Re: Linux-kernel examples for LKMM recipes

From: Paul E. McKenney
Date: Tue Oct 17 2017 - 17:55:35 EST


On Tue, Oct 17, 2017 at 05:03:01PM -0400, Alan Stern wrote:
> On Tue, 17 Oct 2017, Paul E. McKenney wrote:
>
> > On Tue, Oct 17, 2017 at 03:38:23PM -0400, Alan Stern wrote:
> > > On Tue, 17 Oct 2017, Paul E. McKenney wrote:
> > >
> > > > How about this?
> > > >
> > > > 0. Simple special cases
> > > >
> > > > If there is only one CPU on the one hand or only one variable
> > > > on the other, the code will execute in order. There are (as
> > > > usual) some things to be careful of:
> > > >
> > > > a. There are some aspects of the C language that are
> > > > unordered. For example, the compiler can output code
> > > > computing arguments of a multi-parameter function in
> > > > any order it likes, or even interleaved if it so chooses.
> > >
> > > That parses a little oddly. I wouldn't agree that the compiler outputs
> > > the code in any order it likes!
> >
> > When was the last time you talked to a compiler writer? ;-)
> >
> > > In fact, I wouldn't even mention the compiler at all. Just say that
> > > (with a few exceptions) the language doesn't specify the order in which
> > > the arguments of a function or operation should be evaluated. For
> > > example, in the expression "f(x) + g(y)", the order in which f and g
> > > are called is not defined; the object code is allowed to use either
> > > order or even to interleave the computations.
> >
> > Nevertheless, I took your suggestion:
> >
> > a. There are some aspects of the C language that are
> > unordered. For example, in the expression "f(x) + g(y)",
> > the order in which f and g are called is not defined;
> > the object code is allowed to use either order or even
> > to interleave the computations.
>
> Good.
>
> > > > b. Compilers are permitted to use the "as-if" rule.
> > > > That is, a compiler can emit whatever code it likes,
> > > > as long as the results appear just as if the compiler
> > > > had followed all the relevant rules. To see this,
> > > > compiler with a high level of optimization and run
> > > > the debugger on the resulting binary.
> > >
> > > You might omit the last sentence. Furthermore, if the accesses don't
> > > use READ_ONCE/WRITE_ONCE then the code might not get the same result as
> > > if it had executed in order (even for a single variable!), and if you
> > > do use READ_ONCE/WRITE_ONCE then the compiler can't emit whatever code
> > > it likes.
> >
> > Ah, I omitted an important qualifier:
> >
> > b. Compilers are permitted to use the "as-if" rule. That is,
> > a compiler can emit whatever code it likes, as long as
> > the results of a single-threaded execution appear just
> > as if the compiler had followed all the relevant rules.
> > To see this, compile with a high level of optimization
> > and run the debugger on the resulting binary.
>
> That's okay for the single-CPU case. I don't think it covers the
> multiple-CPU single-variable case correctly, though. If you don't use
> READ_ONCE or WRITE_ONCE, isn't the compiler allowed to tear the loads
> and stores? And won't that potentially cause the end result to be
> different from what you would get if the code had appeared to execute
> in order?

Ah, good point, I need yet another qualifier. How about the following?

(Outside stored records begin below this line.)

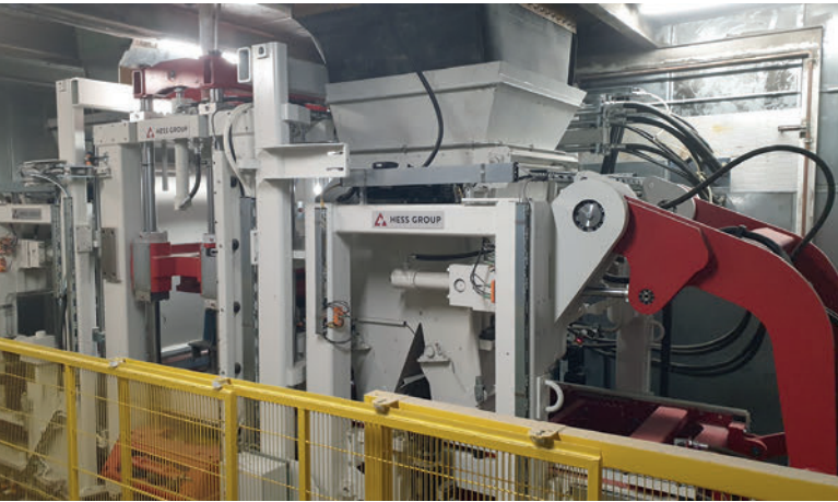
The new RH 2000-4 MVA block making machine

A new control system for the existing finger car was installed alongside the complete wet side control system as part of the first reconstruction phase.
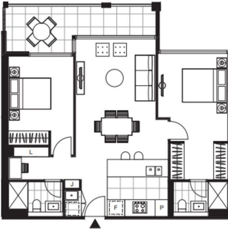
LEVEL 02, 04
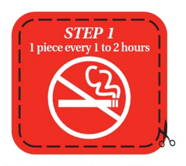
At the Beginning of Week #1 (Quit Date)
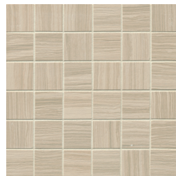
Classica - CL DOLMATCL22MO
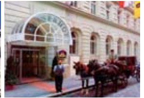
(5) Kaiserhof ★★★★★
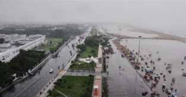
A view of Marina Beach following heavy rain in Chennai on Sunday. A flood alert has been sounded for people living in Chennai's suburbs

Health Minister Ma Subramanian said Chennai experienced 20 cm rain in about 12 hours since last night. According to IMD data, the rainfall ranged between 10 CM and 23 CM in Chennai and its suburbs. The Kamarajar Salai point (DGP Office on the Marina beachfront) near the Tamil Nadu Secretariat recorded the highest of 23 CM and
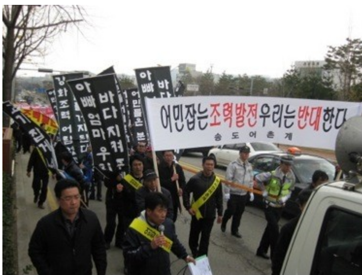
Figure 3 Marching demonstration by fishermen opposing tidal power plants (March 25, 2010), Incheon, South Korea. © Korean Federation for Environmental Movement

Tradeoffs of tidal power projects, at various scales. © Ko and Schubert.
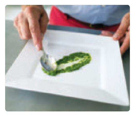
Use the back of the spoon to smear the pesto across in one motion and one line. It should look something like a comet.
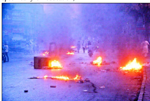
KARACHI: Activists of a religious party burned tyres on a road during protest, in Provincial Capital.
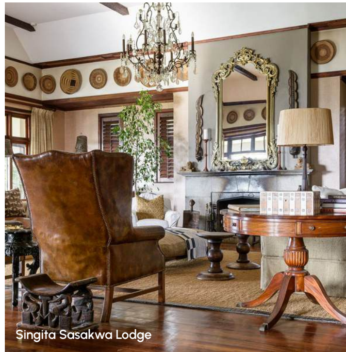
Singita Sasakwa Lodge

The main lodge area offers a dining room, bar lounge with satellite television, DVD player and library, outdoor barbeque area and The Singita Shop. The viewing decks overlooking the waterhole are positioned alongside the heated swimming pool.
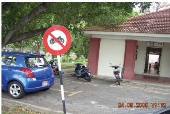
Fig. 7: Banning motorcycling without effective enforcement
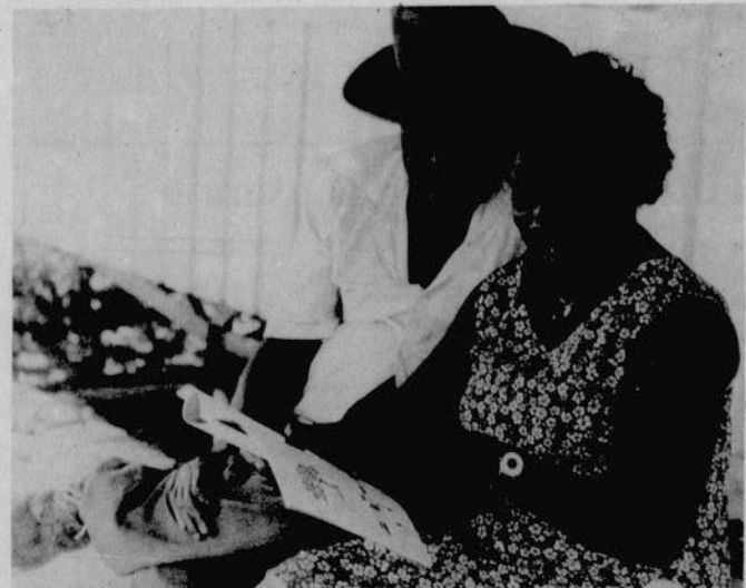
An aboriginal couple at Borrolooloo, N.T., learning to read.

Wycliffe is interdenominational and non-sectarian, serving all churches and missions, drawing its workers from a wide spectrum of denominations. A substantial number of Australian Wycliffe workers are Anglican supported by Anglicans. They follow in the tradition of one John Wycliffe who, as the "Morning Star of the
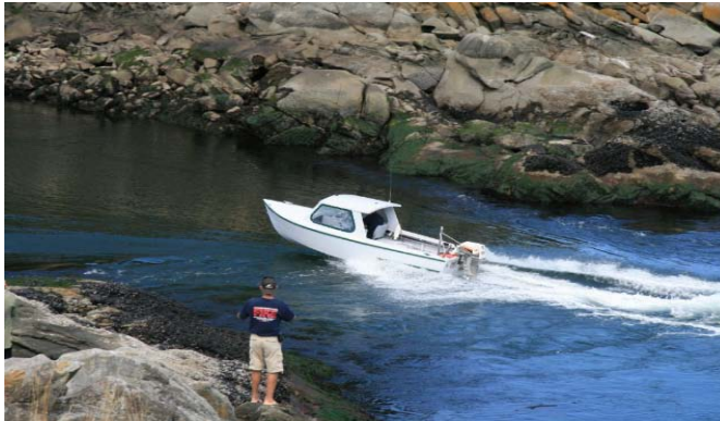
The ‘Minnow’ in better days
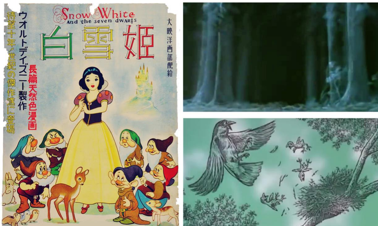
Figure 1 (on the left): The original Japanese poster of Disney's Snow White and the Seven Dwarfs , 1937. Figures 2 and 3 (on the right): Two stills from Mori no Densetsu ( The Legend of the Forest ) by Osamu Tezuka, 1987.

“I have a great respect for Walt Disney. I consider him as the God of animation [...] My desire to follow Walt Disney consistently grew up during the war” 1 .
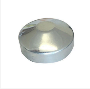
60 ODI Galvanised Post Cap
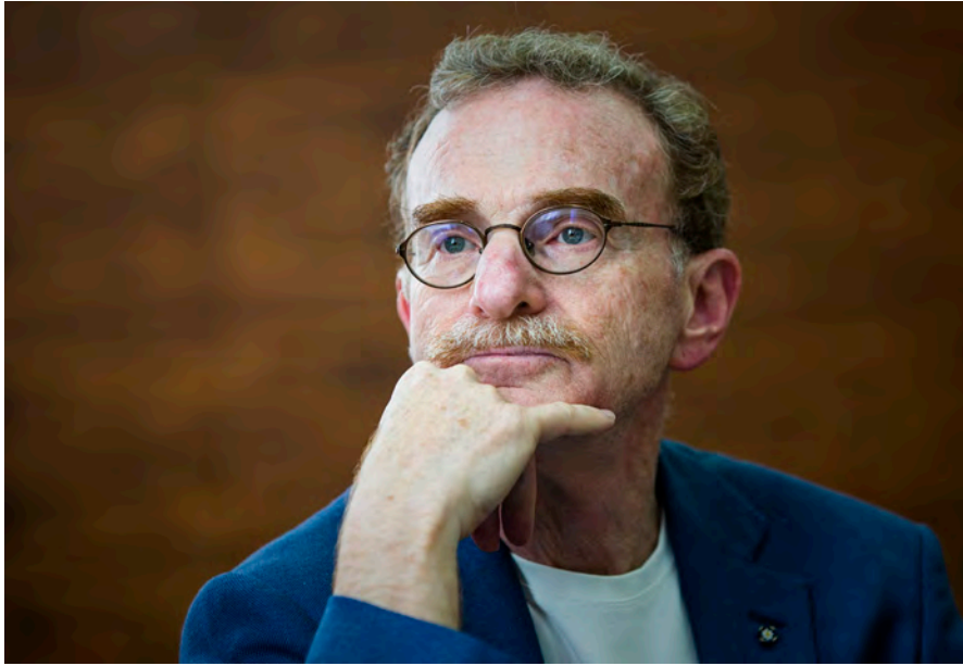
Fig. 1. Randy W. Schekman, 2013 Nobel Prize in Physiology or Medicine.

Because nearly all of the vesicle traffic steps are encoded by highly-conserved genes, Schekman and colleagues' pioneering work led to the development of tools to study other types of cells. It turned out that some of the genes Schekman had discovered in yeast were also present in mammals, encoding the corresponding proteins and thus "revealing an ancient evolutionary origin of the transport system" [3,11]. As a result, according to the committee of the Dickson Prize in Medicine, an award he received in 2008, "it is nearly impossible to attend a large meeting in cell biology, biochemistry, genetics or molecular biology and not hear someone mention a homolog of one of the genes discovered by the Schekman lab" [3].

b. Compilers are permitted to use the "as-if" rule. That is,
a compiler can emit whatever code it likes for normal
accesses, as long as the results of a single-threaded
execution appear just as if the compiler had followed
all the relevant rules. To see this, compile with a
high level of optimization and run the debugger on the
resulting binary.

I added "for normal accesses", which excludes READ_ONCE(), WRITE_ONCE(),
and atomics. This, in conjunction with the previously added
"single-threaded execution" means that yes, the compiler is permitted
to tear normal loads and stores. The reason is that a single-threaded
run could not tell the difference. Interrupt handlers or multiple
threads are required to detect load/store tearing.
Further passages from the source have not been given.